A deuteroporphyrin IX derivative with two D-galactose fragments with an ester bond between macrocycle and carbohydrate fragments was synthesized. The synthesis was done by esterifying both ester groups of deuteroporphyrin IX with diacetone-D-galactose using 2-chloro-1-methylpyridinium iodide (Mukayama reagent) followed by the removal of the isopropylidene protection of carbohydrate fragments by the action of aqueous trifluoroacetic acid to form the target derivative. The study of dark toxicity of the deuteroporphyrin IX derivative synthesized against HeLa cells allows us to conclude that galactose fragment introduction resulted in the cytotoxicity decrease as compared with the parent deuteroporphyrin IX but photoinduced cytotoxicity of the deuteroporphyrin IX derivative with two D-galactose fragments had increased in contrast to the deuteroporphyrin IX. It has been shown that oxidative stress due to ROS induction causes the photoinduced toxicity of the porphyrins studied.

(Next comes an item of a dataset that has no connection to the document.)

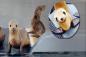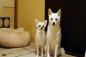大きいと小さいがひっついた。シベリアンハスキーと一体化したミーアキャット
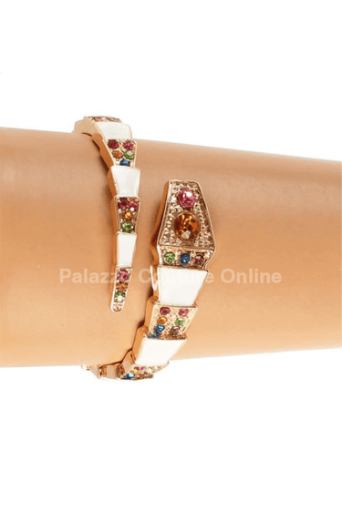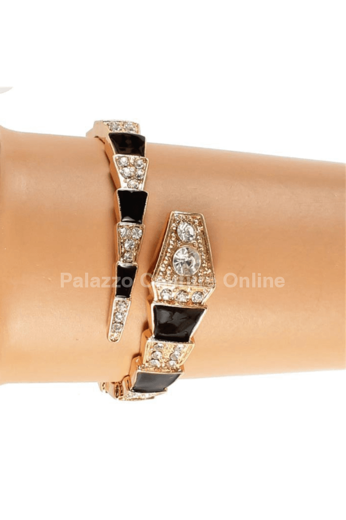 Fashion / Metal / Crystal / Snake / Cuff / Bangle / 3" Length / 2.75" Diameter / Bangle

合成了具有两个 D-半乳糖片段的次卟啉 IX 衍生物，其中大环和碳水化合物片段之间具有酯键。使用 2-氯-1-甲基碘化吡啶鎓（Mukayama 试剂）将次卟啉 IX 的两个酯基与双丙酮-D-半乳糖酯化，然后通过三氟乙酸水溶液的作用除去碳水化合物片段的异亚丙基保护，从而完成合成。形成目标导数。合成的次卟啉IX衍生物抗HeLa的暗毒性研究我们得出结论，与母体次卟啉 IX 相比，半乳糖片段的引入导致细胞毒性降低，但具有两个 D-半乳糖片段的次卟啉 IX 衍生物的光诱导细胞毒性与次卟啉 IX 相比有所增加。研究表明，ROS 诱导引起的氧化应激会导致所研究的卟啉产生光致毒性。